Ceci nous conduit à la quatrième formule qui offre des bénéfices à durée limitée, ce que nous
qualifierions de franchise inversée, parce qu’elle offre à l’assuré un remboursement
complet pendant les x premières années
de la dépendance. Au-delà de cette limite, l’assuré
ne touche plus rien. Cette formule surprenante est largement pratiquée aux
Etats Unis. Il existe plusieurs justifications au succès surprenant de celle-ci :
du côté de l’assureur la crainte d’une escalade des coûts, et du côté de
l’assuré une certaine myopie doublée de la certitude de pouvoir compter en
dernier ressort sur la famille ou sur l’assistance publique, en l’occurrence Medicaid (2) qui couvre près de la moitié
des dépenses formelles de dépendance aux Etats Unis.
Les économistes ont essayé de déterminer la formule de compensation idéale.
Celle-ci dépendra d’un ensemble de facteurs dont particulièrement l’existence
d’une assistance publique d’aide à la dépendance, de la possibilité de recourir
à l’aide familiale, de l’observabilité des besoins et de la connaissance des
coûts futurs. Si les besoins étaient observables, le risque de surconsommation serait réduit et la
formule de remboursement intégral serait applicable pour autant que l’on
connaisse à l’avance l’évolution des prix. La formule forfaitaire se justifie
par la présence d’aide informelle, la difficulté d’observer les besoins de la
personne dépendante et par l’incertitude des coûts futurs dont il vient d’être
question.
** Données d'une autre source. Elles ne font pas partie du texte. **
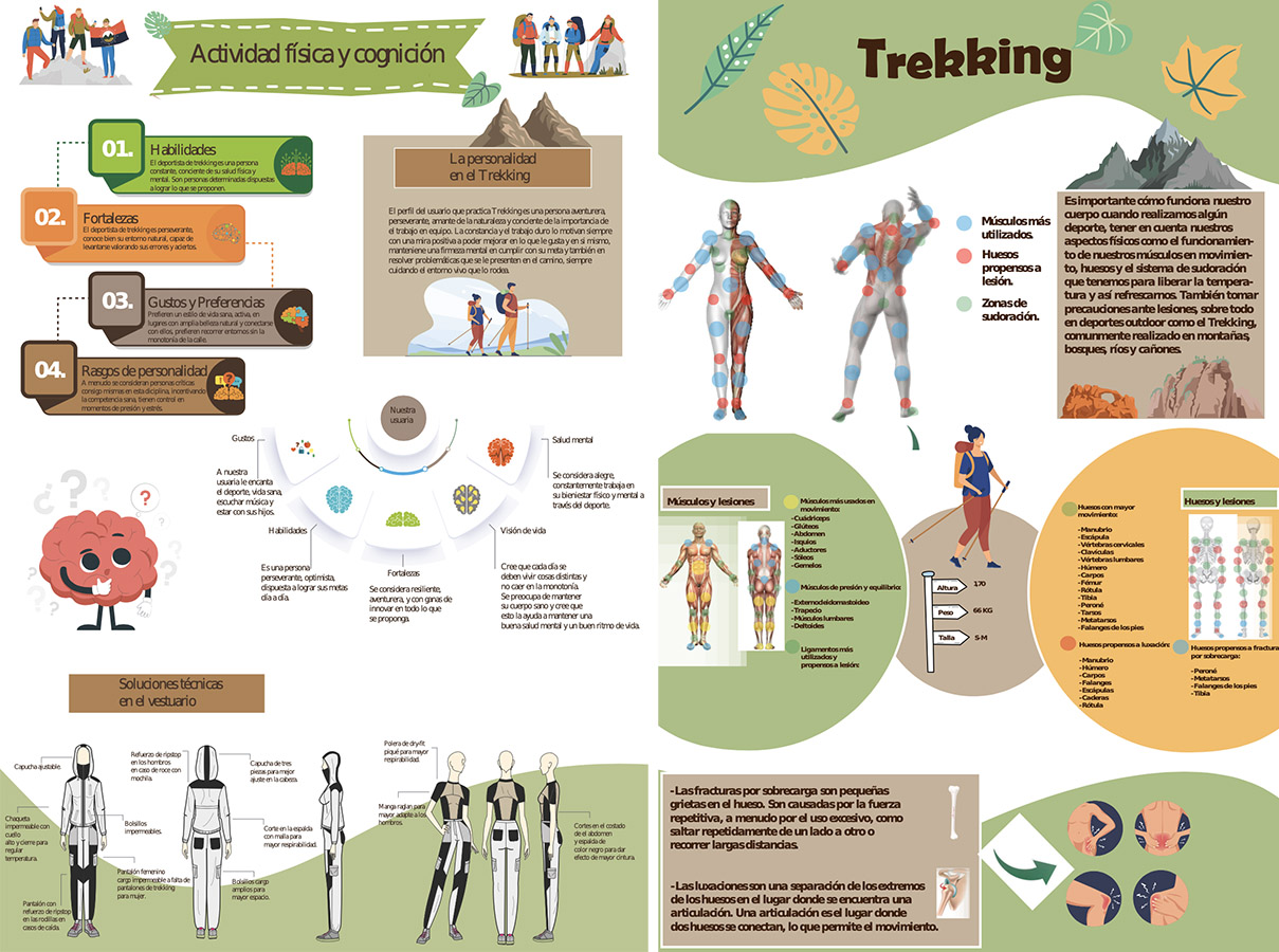 El Proyecto busca entender y responder a través del diseño a las necesidades de un deportista en 3 diferentes disciplinas: Trekking, Trail running o Bike Polo. Para este objetivo, los estudiantes estudiaron a un usuario que tuviera experiencia de al menos dos años practicando alguno de los deportes señalados, para luego investigar acerca de los atributos técnicos que este necesita para desempeñarse de manera óptima en dicha actividad. Se tomaron en cuenta diferentes problemáticas recurrentes durante el entrenamiento para diseñar un vestuario acorde a las exigencias, investigando además las diferentes materialidades, historia del deporte y el contexto local y así entregar una propuesta innovadora y de alto valor.

L’assurance à durée déterminée n’est certainement pas attractive pour
les assurés mais elle s’explique par la crainte des assureurs de voir les coûts
s’envoler. La principale objection à la formule de franchise est précisément fondée sur l’incertitude pesant sur les prix futurs,
surtout en cas de dépendance prolongée, qui représente un risque rare mais
potentiellement coûteux.
Ces différentes formules concernent la classe moyenne, c’est-à-dire la majorité
de la population dans les pays industrialisés. Les ménages à hauts revenus
n’ont pas besoin de s’assurer ; le coût de la dépendance ne représente
qu’une faible fraction de leur patrimoine. Quant aux ménages pauvres, ils n’auraient
pas les moyens de s’assurer et doivent miser sur la solidarité familiale et des
programmes d’assistance sociale.
(1) En
France les professionnels se rendent compte de ce problème et songent a
répondre à cette critique en proposant un forfait plus en rapport avec le cout
réel de l’hébergement. Leur hésitation est liée à la promesse du gouvernement
d’intégrer la dépendance dans la sécurité sociale
(2) Medicaid est
un programme qui a pour but de fournir une assurance maladie aux individus et
aux familles à faibles revenus et ressources. Il couvre aussi l’aide à la
dépendance. On notera en passant qu’un tiers de cette intervention bénéficie à
des personnes dépendantes aisées qui se sont mises en position éligible en
jouant avec des règlements de test de ressources, qui varient selon les Etats.